TASK DETAILS:
Using the listing below, output only the lines from the one that contains "7 54 讓阿古跟小斯也去了異世界XD" through the one that contains "Al parecer todo", inclusive, exactly as given and without images.

DATA PROVIDED:
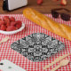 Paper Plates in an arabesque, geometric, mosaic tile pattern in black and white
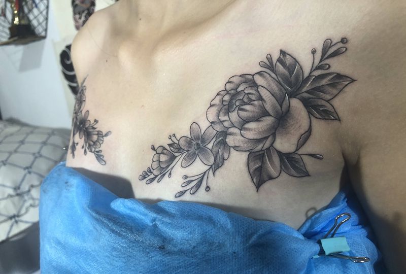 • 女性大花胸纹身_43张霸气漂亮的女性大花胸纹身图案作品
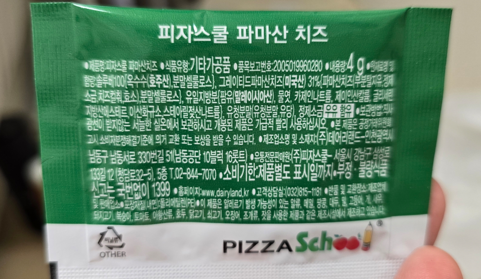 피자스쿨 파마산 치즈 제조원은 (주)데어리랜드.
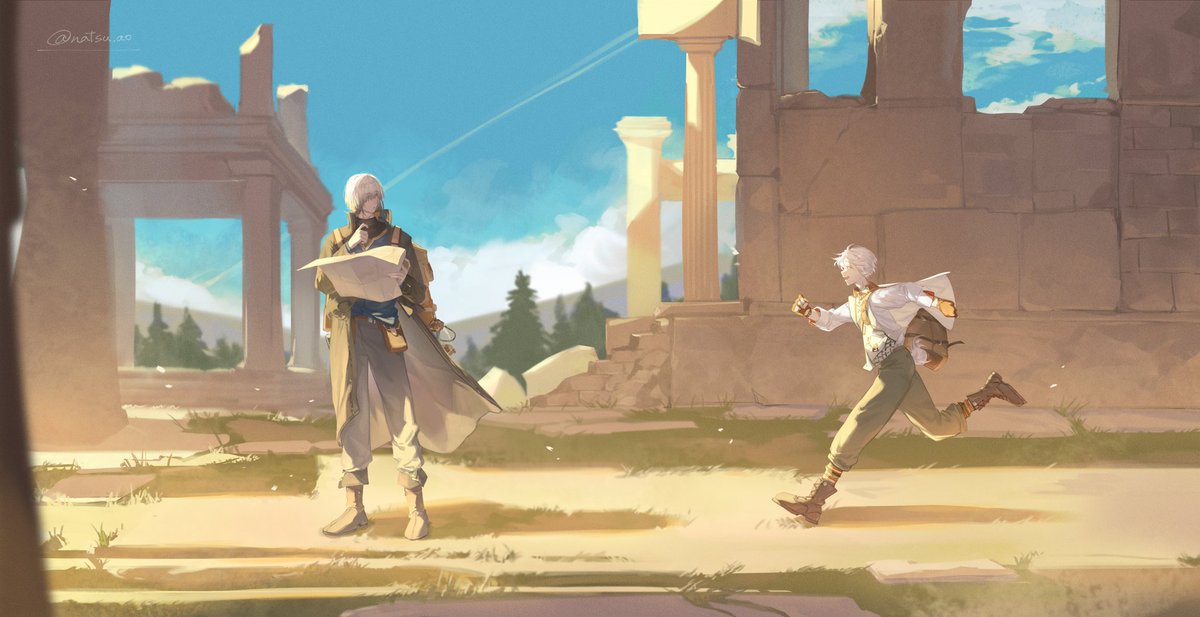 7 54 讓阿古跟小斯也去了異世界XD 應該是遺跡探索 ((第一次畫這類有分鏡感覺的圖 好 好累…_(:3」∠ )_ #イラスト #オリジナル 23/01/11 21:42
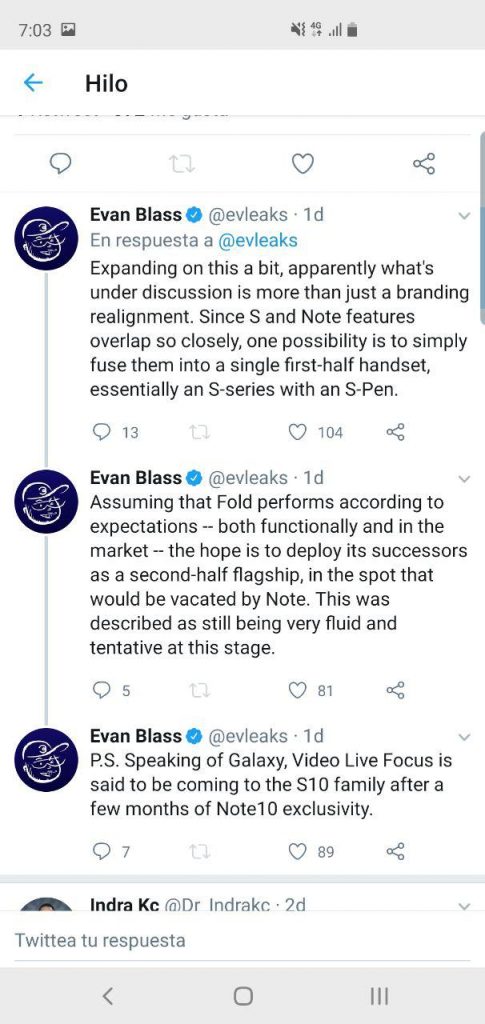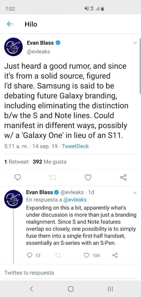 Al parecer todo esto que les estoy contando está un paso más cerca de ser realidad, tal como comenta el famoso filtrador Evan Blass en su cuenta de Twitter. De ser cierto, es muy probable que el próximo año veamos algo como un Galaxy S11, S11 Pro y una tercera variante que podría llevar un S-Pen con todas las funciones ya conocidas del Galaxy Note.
---
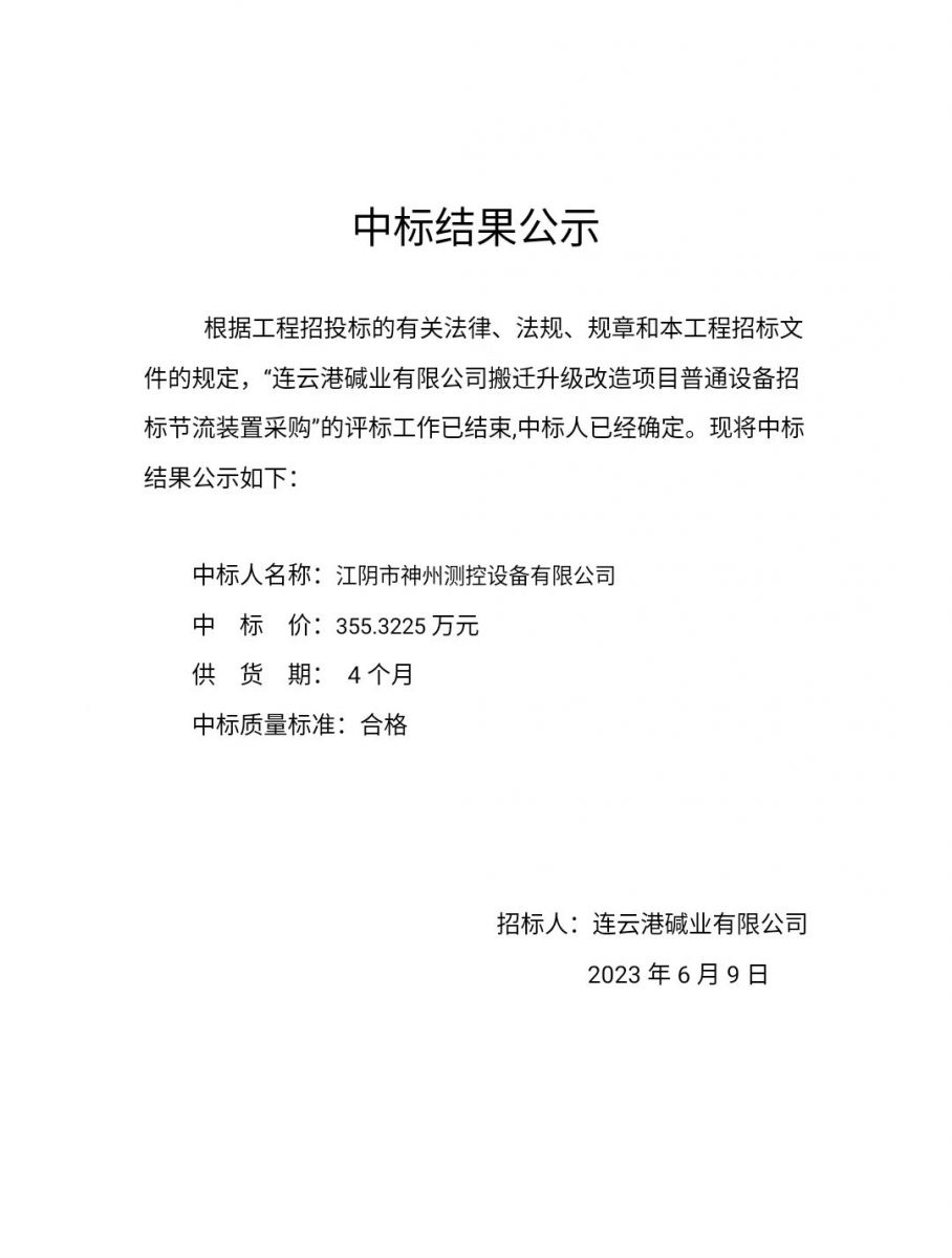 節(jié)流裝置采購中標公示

ANSWER SPACE:
 7 54 讓阿古跟小斯也去了異世界XD 應該是遺跡探索 ((第一次畫這類有分鏡感覺的圖 好 好累…_(:3」∠ )_ #イラスト #オリジナル 23/01/11 21:42
 Al parecer todo esto que les estoy contando está un paso más cerca de ser realidad, tal como comenta el famoso filtrador Evan Blass en su cuenta de Twitter. De ser cierto, es muy probable que el próximo año veamos algo como un Galaxy S11, S11 Pro y una tercera variante que podría llevar un S-Pen con todas las funciones ya conocidas del Galaxy Note.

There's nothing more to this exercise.